An Exercise in Resilience?

Noam Unger, Vice President, Global Development Department, and Director, Sustainable Development and Resilience Initiative

At COP30, the absence of official United States participation seemed to take center stage as countries including China, India, Russia, and significant oil-producing economies were seen to win in a struggle to influence how decidedly or slowly the world shifts away from fossil fuels. But while much of the reporting on the conference portrays the outcome as inconsequential because it was a missed opportunity for an agreement among world leaders on mitigating climate change, what I saw while at COP30 in Brazil demonstrated a continued trend that is highly consequential, nonetheless.

Progress on mitigation may be lamentably halting due to realpolitik and a tug-of-war as countries around the world struggle to both grow their economies and transition away from fossil fuels, but extreme weather catastrophes are rising relentlessly. COP30 in Belém, touted as the “adaptation COP,” featured more central attention on adaptation indicators and finance, resulting in a tepid international agreement that “calls for efforts to at least triple adaptation finance by 2035.” Such language is fuzzy, but it is officially being framed by the COP presidency as a commitment, and it could mean a new goal of $120 billion for adaptation within the overall $300 billion climate financing goal for 2035, agreed to at COP29 last year.
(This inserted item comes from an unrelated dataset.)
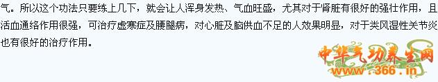 此功法主要用来打通任脉,对增强五脏功能效果卓著,尤其对肝脏有很好的养护作用,对肠胃疾病、便秘、妇科病痛经、不孕等诸症都有很好的疗效,减肥消脂的作用也非常明显。任脉乃阴经之海,总调阴经各脉,对于更年期妇女尤为重要。

Beyond the official negotiations, however, a range of semiofficial and nongovernmental dialogues that surrounded the deliberations at the core of COP illustrated a story of increasing focus on the resilience agenda. For example, in partnership with the COP30 presidency, the Asia Investor Group on Climate Change, together with Laudes Foundation, ClimateWorks Foundation, and a network of European impact capital providers, hosted a high-level dialogue on the “Continuum of Capital” to scale finance for resilience. Conference participants discussed the actions of institutional investors as well as a corporate survey by MSCI Institute on resilience and physical risk, which showed that “80 [percent] of companies say their operations, including supply chains, have been impacted by extreme weather events,” and more than two-thirds report that “investments in resilience have boosted their access to capital or lowered their insurance bill.”

Insurance itself was a significant topic of focus across the conference, too, whether it was through the Enabling Insurance Breakthrough, the many sessions at the COP30 House of Insurance, meetings at the Peru Resilience Hub, the Singapore pavilion’s focus on resilient supply chains, or related events at other venues in both São Paulo and Belém. Together, these events represented more than a signal amid noise. They are harbingers of an emerging resilience economy that is inevitable and worthy of investments by governments and the private sector alike.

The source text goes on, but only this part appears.